Defunct American motor vehicle manufacturer

The Pungs-Finch was an American automobile manufactured in Detroit, Michigan from 1904 to 1910. They were powerful touring cars built by a factory which primarily made marine gas engines.

== History ==
E. B. Finch was an engineer who had studied at the University of Michigan and who had built his first automobile in 1902. William A. Pungs was his father-in-law who had arranged the purchase of the Sintz Gas Engine Company for the Michigan Yacht and Power Company. Pungs bought out his partner O. J. Mulford, who departed and established the Gray Marine Motor Company in 1905. The new company was named the Pungs-Finch Auto and Gas Engine Company in 1904.

Sintz Gas Engine had developed a car that became the basis for the 1904 Pungs-Finch that had a 14-hp twin-cylinder engine. In 1905 the twin was replaced by the much larger Finch designed Model D 4-cylinder of 5,808-cc and the Model F of 6,435-cc, selling at $2,000 or $2,500 respectively.
In 1906, the Model F was drastically revised. The displacement was now 3707 cc with a bore of 101.6 mm and a stroke of 114.3 mm. The wheelbase increased to 100 inches = 2540 mm. The Model F was produced until production was discontinued in 1910. The Pungs-Finch were displayed at the New York, Chicago and Detroit automobile shows in 1905. The Model H from 1907 had a displacement of 5808 cc with a bore of 120.65 mm and a stroke of 127 mm. The wheelbase was 110 inches = 2794 mm.

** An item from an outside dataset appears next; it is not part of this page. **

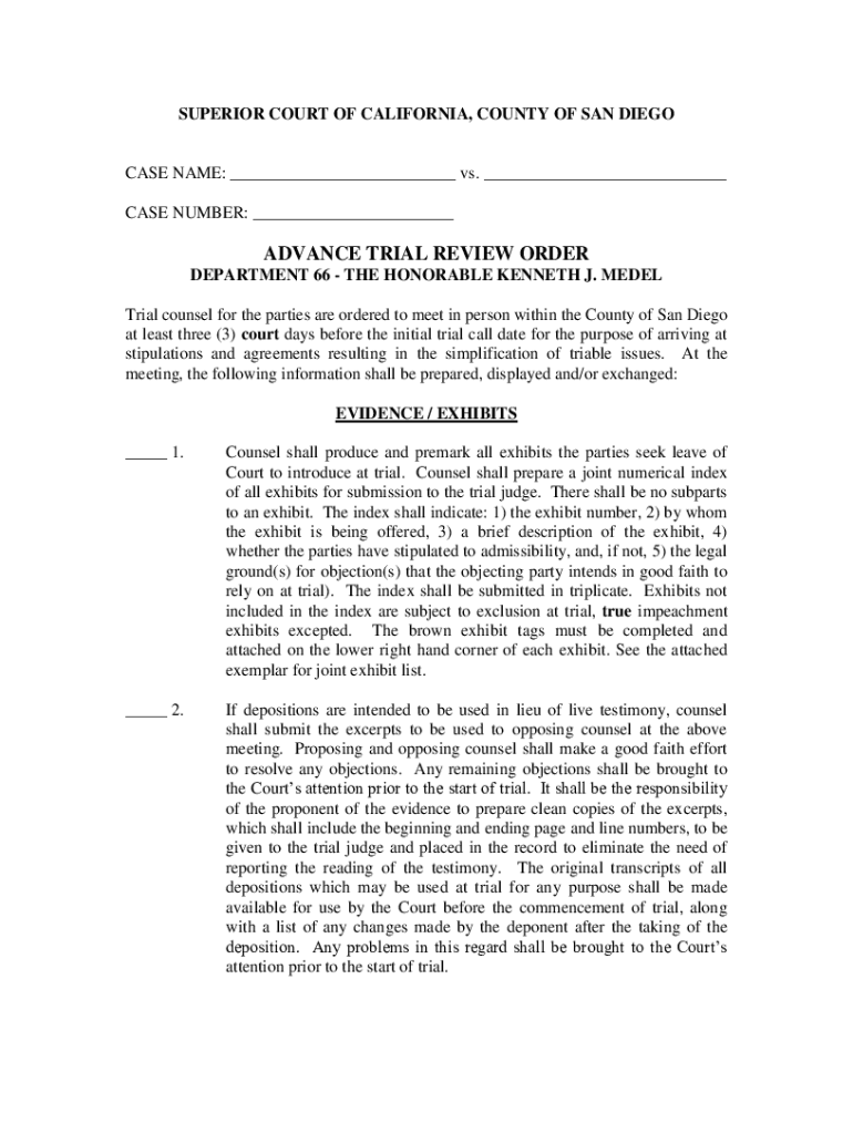SUPERIOR COURT OF CALIFORNIA, COUNTY OF SAN DIOCESE NAME: ___ vs. ___ CASE NUMBER: ___ADVANCE TRIAL REVIEW ORDER DEPARTMENT 66 THE HONORABLE KENNETH J. MODEL Trial counsel for the parties are ordered

In 1905, the marine engine and boat building part of the factory burned and production was delayed while Pungs-Finch rebuilt. E. B. Finch designed a larger advanced model for 1906 called the Finch Limited powered by an 8652-cc single overhead camshaft, four-cylinder engine priced at $3,500, . It was guaranteed to be 50 horsepower and go 50 miles an hour. E. B. Finch departed in 1906 after an argument with his father-in-law and became a dealer for Chalmers in Cleveland. From 1906 to 1910 Pungs-Finch cataloged 22-hp and 40-hp models, again selling for $2,000 and $2,500 respectively. The 50-hp model was offered again in 1908 but by now the company concentrated their efforts on marine gas engines and boat building.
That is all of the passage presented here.